Davy B. (Part 1 of 2)


The FireVaney’s real-life expatriate pally-wally, Davey B., recently paid a visit to The Big Apple. Formerly from my neck of the woods, he’s now a Londoner.

Some of what he had to say during and regarding the East Coast visit…

“I'm glad you're reading ‘On the Road’. Coincidentally, I spent over twenty hours over several days this last week walking around Manhattan with my ‘The Beat Generation Guide to New York’ in my hand, checking out every Allen Ginsberg apartment, the place Kerouac wrote ‘On the Road’, the park where Lucian Carr killed David Kammerer, etc. Plus I saw the new film ‘The Life and Times of Allen Ginsberg’ last night in Greenwich Village.
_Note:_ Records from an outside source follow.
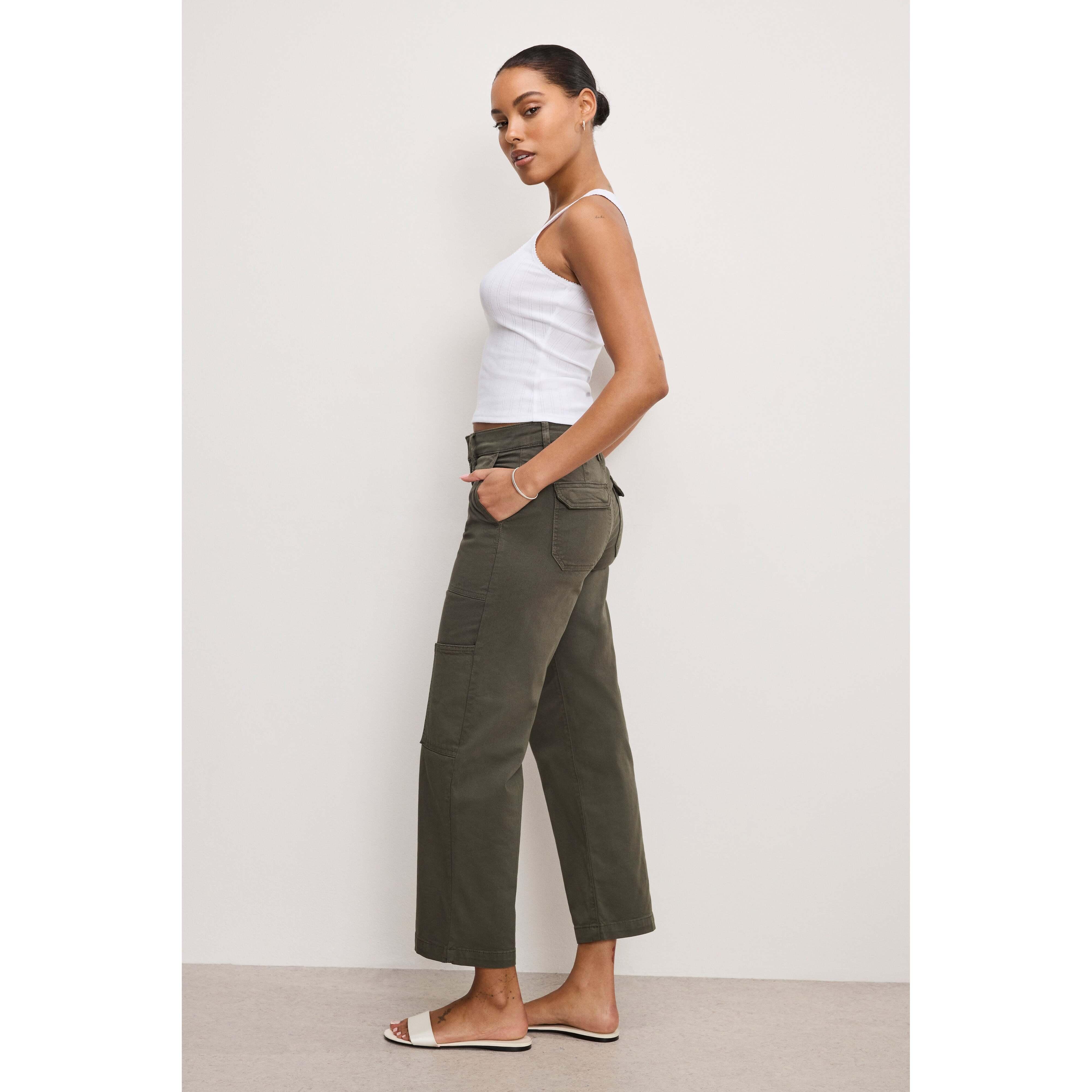 The Cargo Cropped Twill Pants offer a fresh take on utility with a relaxed fit and practical pockets. Stylish and functional, theyre made for all-day wear and easy versatility. High-rise Straight cropped legs Gap-proof waistband Reinforced belt loops Tummy smoothing technology Front and back pockets Carpenter pocket details Inseam: 26. 5 Fabric: 98% Cotton, 2% Elastane | Womens Cargo Cropped Twill Pants (Fatigue, Size 14
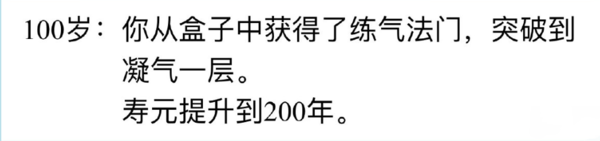 其实这个小盒子并不是每一次都可以获得的,只能看脸,就是每次重开之后有几率获得,神秘小盒子是用户们可以在100岁时开启,即可打开修仙历练之路的关键点所在。
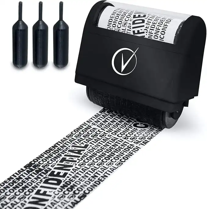 Vantamo Address Blocker Stamp for Hiding Sensitive Information, Wide Identity Theft Protection Roller Stamp with 3 Refills, Confidential Ink Roller for Personal Data Theft Prevention, Classy Black
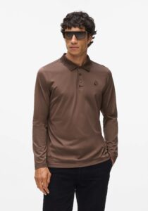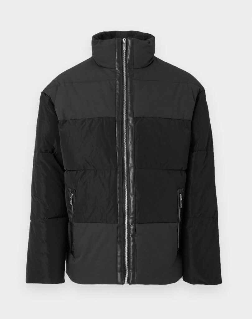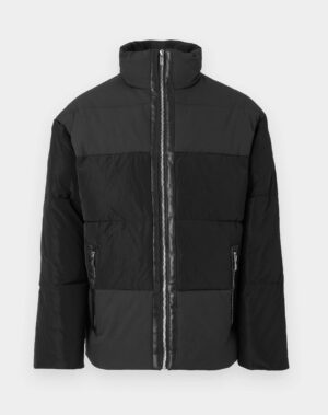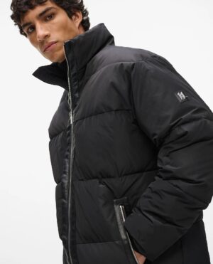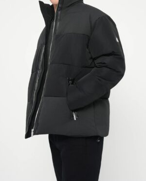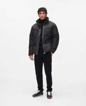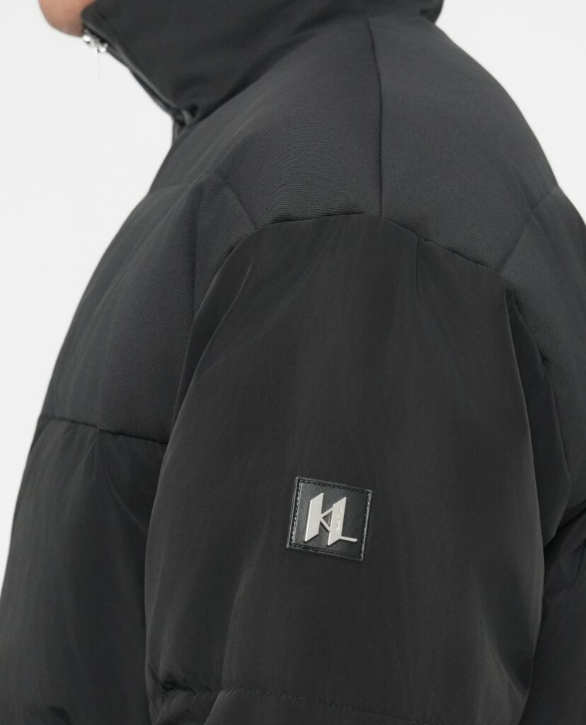 Vācu luksusa zīmola Karl Lagerfeld melna vīriešu ziemas virsjaka ar augstu apkakli un savelkamu apakšmalu. Izgatavota no divu dažādu tekstūru materiāla. Papildināta ar akcentētu rāvājslēdzēju aizdari, kā arī sudraba krāsas metāla un zīmola logotipa detaļām.
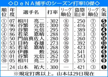 DeNA捕手のシーズン打率10傑 Photo by スポニチ DeNA・山本 96年谷繁以来の球団「打率3割&盗塁阻止率1位」なるか ギャラリーで見る この記事のフォト 2024年07月30日の画像一覧 もっと見る 2024年07月30日の画像をもっと見る
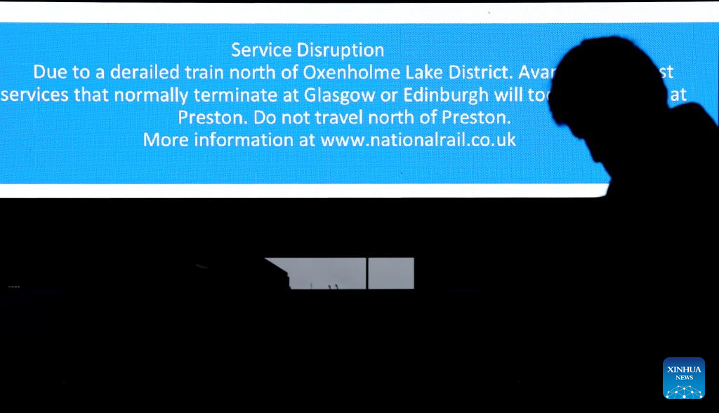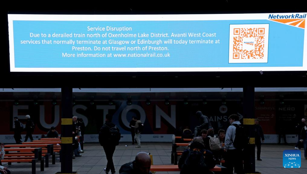 LONDRES, 3 noviembre, 2025 (Xinhua) -- Personas esperan por trenes debajo de una pantalla que muestra información sobre los cambios en los servicios ferroviarios, en la Estación Euston, en Londres, Reino Unido, el 3 de noviembre de 2025. Un tren con 87 pasajeros a bordo se descarriló el lunes en el noroeste de Inglaterra, lo que provocó la interrupción de servicios ferroviarios, informaron medios de comunicación locales. (Xinhua/Li Ying)
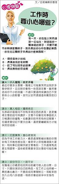 在職場上你總是恰如其份的嚴守做人的分際、分寸,只要扮演好自己的角色,在工作上也持續一貫的盡心盡力,不要造成同事間對立,或輕率的加入公司八卦話題,相信你會從紛爭中全身而退。
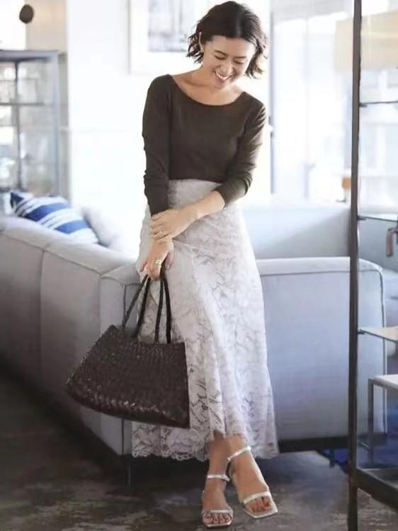 无论时尚如何发展,日本大姐们始终是膝下裙的忠实爱好者。
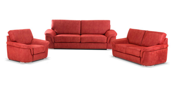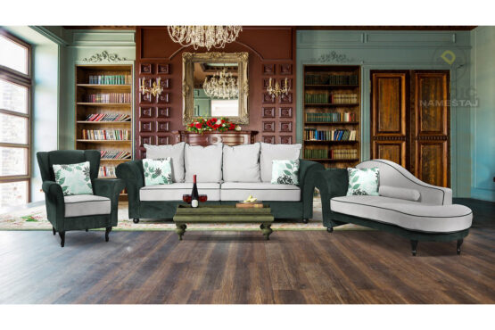Garnitura modernog dizajna, sa drvenim nogarima. Sastoji se iz kompleta trosed, dvosed i fotelja.
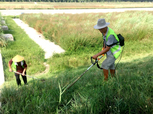 7月22日,清潩河畔,工人冒著高溫,手持小型電動(dòng)割草機(jī)修剪草坪。為確保清潩河畔環(huán)境良好,近日,我市水務(wù)部門(mén)組織人員對(duì)河岸草坪進(jìn)行修剪。一線工人不顧天氣炎熱,為城市的美麗默默奉獻(xiàn)。 記者 牛志勇 攝

It's only a matter of time before I finally give in and buy that black turtleneck and beret.”



“This has been my only sustained experience of New York, I having only been here once for a week when a teenager, and from what I understand it's a country unto itself. (When I went to Atlantic City today, the ‘real’ America appeared: Fat. Ugly. Patriotic and stupid (but I repeat myself). I like New York a lot. I'd love to live in Greenwich Village. I just need to make a million dollars from selling a novel with the word ‘I’ in it a lot first [this is a gibe at Chuck Palahniuk’s Minimalist concept of Submerging The ‘I’].”

“But seriously, I find people who say things like ‘I love America’ to be a bit ridiculous. Because I think countries are too complex and multifaceted to either love or hate. Of course, people are complex and multifaceted too, and I can love or hate individual people. But people are complex collections of simple units, whereas countries are complex collections of complex units (namely, people), so there you go.”

“I can appreciate cities more than countries. London. Paris. New York. I've never been to San Francisco, but I'm sure I'd love it.”